Please don't give up. Reach out to someone because I'm sure there is someone who'll be willing to help you out. You'll be okay one day, I promise. Maybe I lose hope sometimes but I try my best to get it back by doing things I love. I write, I watch YouTube. I draw... it helps keep me grounded and realise things aren't all that bad.

Recently I've started to meditate as well? I know it sounds stupid but it helps calm me down. I've only done it a few times but those times it has helped me relax and become less tense. Being a restless and generally fidget-y person, I wasn't sure I'd benefit from it but it helped make me feel calmer. It's useful and you should definitely try it if you feel anxious!

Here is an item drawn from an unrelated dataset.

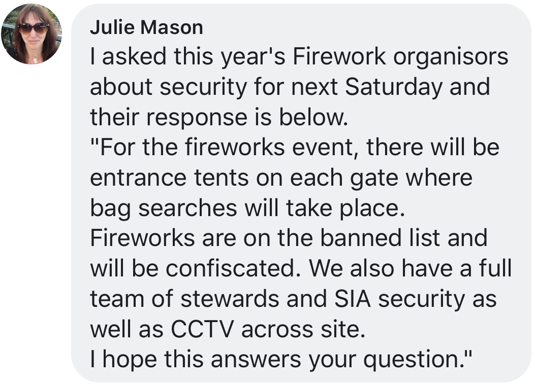 St Christophers Hospice are also in partnership of the event looking at their website. Went to the fireworks in previous years and St Christophers just had a couple of buckets for collections. Looks like poor form for them to mislead people to say there’s no fireworks or that charities are being let down when there looks to be more support this year for charitable causes.
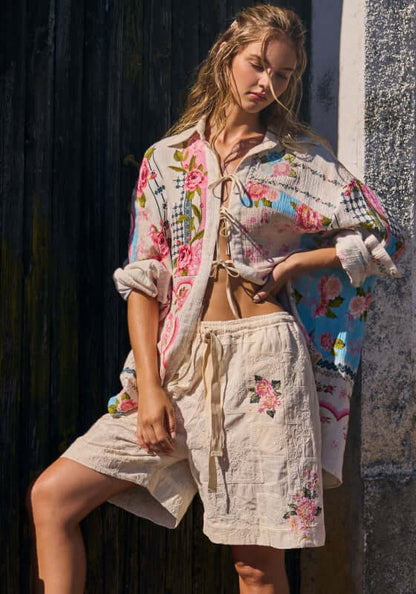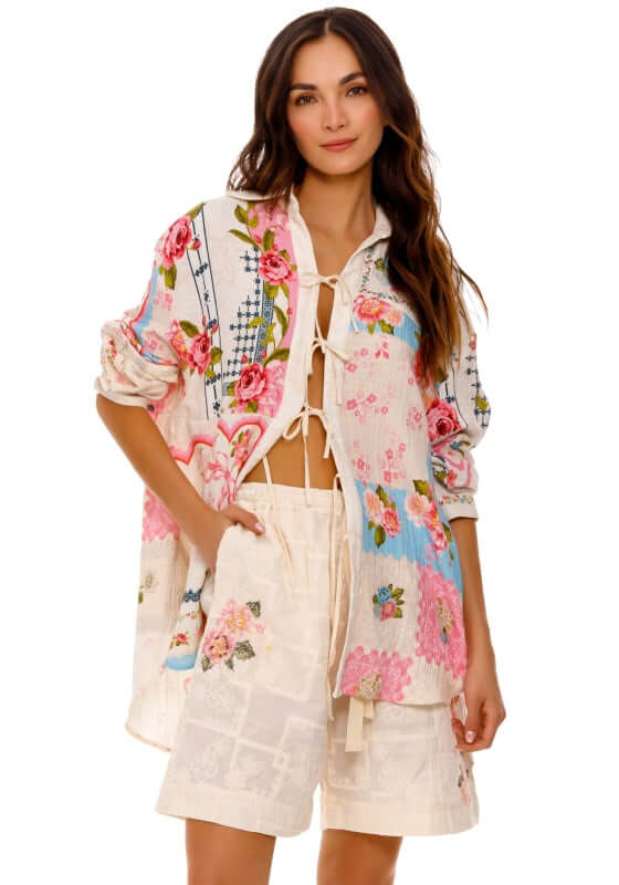 Introducing the Swan Meraki Shirt by beachwear designer Agua Bendita. A versatile and comfortable piece that blends intricate artistry with effortless style. The oversized silhouette and tie-bow front closures add a handcrafted charm, while the delicate floral print offers a touch of subtle elegance. Perfect for layering or wearing on its own.

I'm not claiming I have anxiety or depression or any mental disorder at all. I'm just saying I've been feeling down and these things have helped me. I'm not saying I'm some sort of professional either so you can't just rely on me to help you. I can be there to support you but if you are really suffering with suicidal thoughts or have thoughts of harming yourself or others, please reach out.

Here are some helplines. If your country's isn't there, a quick google search should assist you.

Please stay safe. For me, for your friends, for your family. People will miss you, I promise.

I'm sorry that you're going through what you're going through. I know I've been feeling really under the weather lately but I haven't been and never have been diagnosed with depression. This may mean I don't actually know what it feels like. I mean, I've had bad thoughts and stuff but I'm sure I haven't had it that bad.

You'll be okay. Here's a hug because sometimes that's all you need. *hugs*

If you need to talk, I'm here, okay? I'll try and reply as quick as I can but, because of time zones, that might be hard. I'll still try my best to be there for you though.

So stay safe. Make sure you eat, drink and take your medication today. Look after yourself... for me.

(Sorry I wrote so much. It's just an issue that's very close to my heart.)